Emphasizing the dignity of life is also on Francis’ to-do list for his trip to Thailand and Japan that begins Wednesday, given the scourge of human trafficking in Thailand and Japan’s use of capital punishment and high suicide rate.
In Thailand, Francis will also be reunited with his second cousin, Sister Ana Rose Sivori, an Argentine nun who has lived in Thailand since 1966 and will serve as Francis’ official translator there.
ASIAN MARTYRS AND MISSIONARIES:
One of the highlights of the trip will be Francis’ prayer at the memorial of the 26 Nagasaki Martyrs, who were crucified in 1597 at the start of a two-century wave of anti-Christian persecution by Japanese rulers.
Francis’ own Jesuit order had introduced Christianity to Japan with the arrival of St. Francis Xavier on the archipelago in 1549. After converting more than a quarter-million Japanese, missionaries were banned at the start of the 17th century. Japanese Christians were forced to renounce their faith, suffer tortuous deaths or go underground.
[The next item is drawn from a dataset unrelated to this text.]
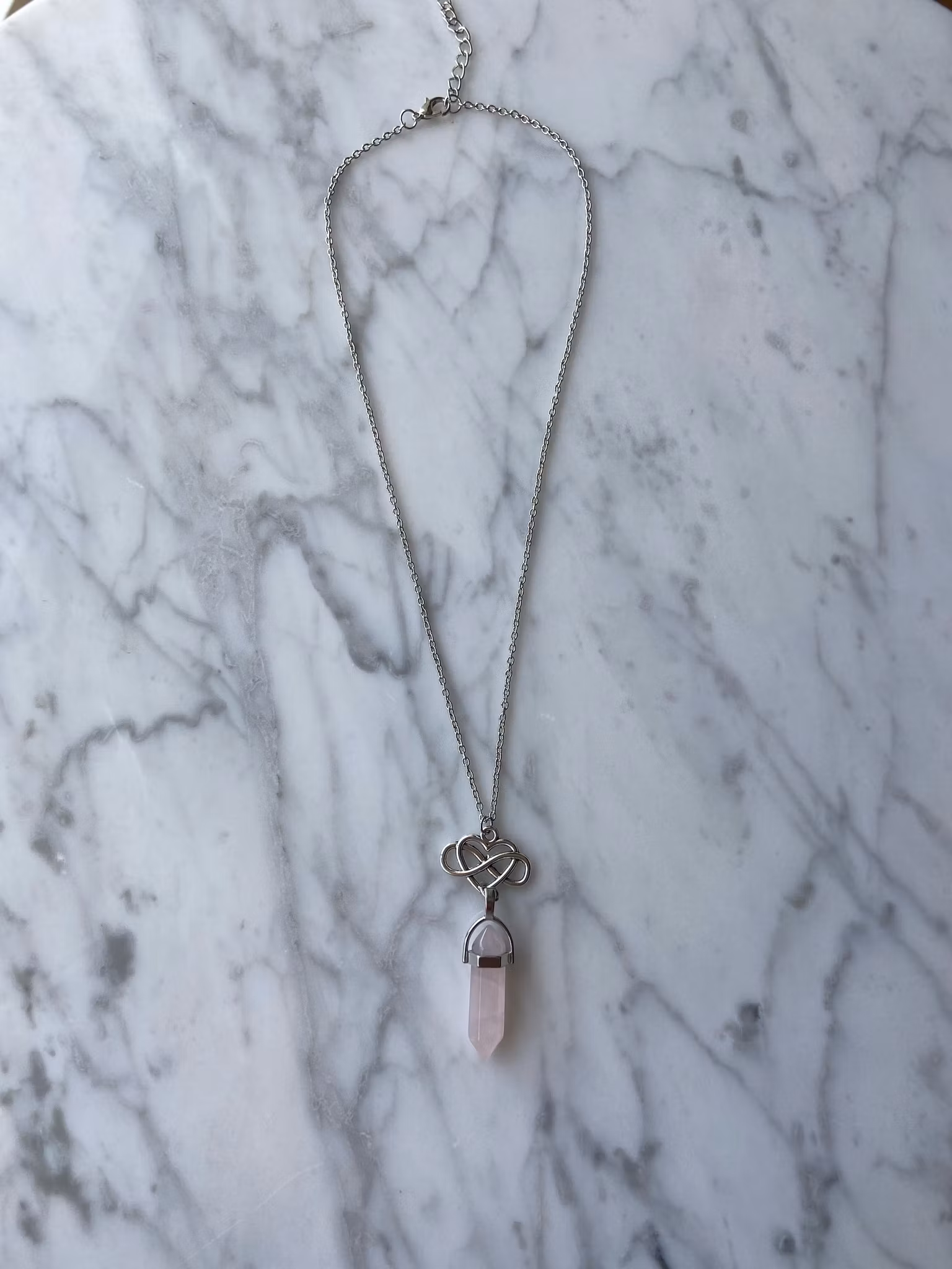 Hängssmycke med Infintyheart och rosenkvarts-spets. Ett smycke som skänker bäraren kärleksfulla energier - rosenkvarts representerar all sorts kärlek och balanserar energierna hos bäraren.

Francis will greet some descendants of these Hidden Christians, whose story was recounted in the 2016 Martin Scorsese film “Silence.”
Francis will also honor Thailand’s World War II-era martyrs, who were victims of anti-Christian persecution by Thais who viewed Christianity as foreign and associated with French colonial powers. Francis will pray at the sanctuary for Thailand’s first martyred priest, Nicolas Bunkerd Kitbamrung, who was beatified in 2000.
THE POPE SAYS NO NUKES:
Francis has gone further than any other pope by saying that not only the use, but the mere possession of nuclear weapons is “to be firmly condemned.” Japanese bishops are hoping he goes even further and calls for a ban on nuclear power.
Francis will likely repeat his appeal for a total ban on the bomb when he visits Nagasaki and Hiroshima, meets with survivors of the 1945 bombings there as well as victims of the March 11, 2011, Fukushima nuclear plant disaster in northern Japan. An offshore magnitude-9 earthquake triggered a tsunami that knocked out power for the cooling systems at the Fukushima nuclear plant, displacing more than 100,000 people and coating the area with radioactive waste. In response, Japanese bishops in 2016 called for the abolition of nuclear power to protect “our common home.”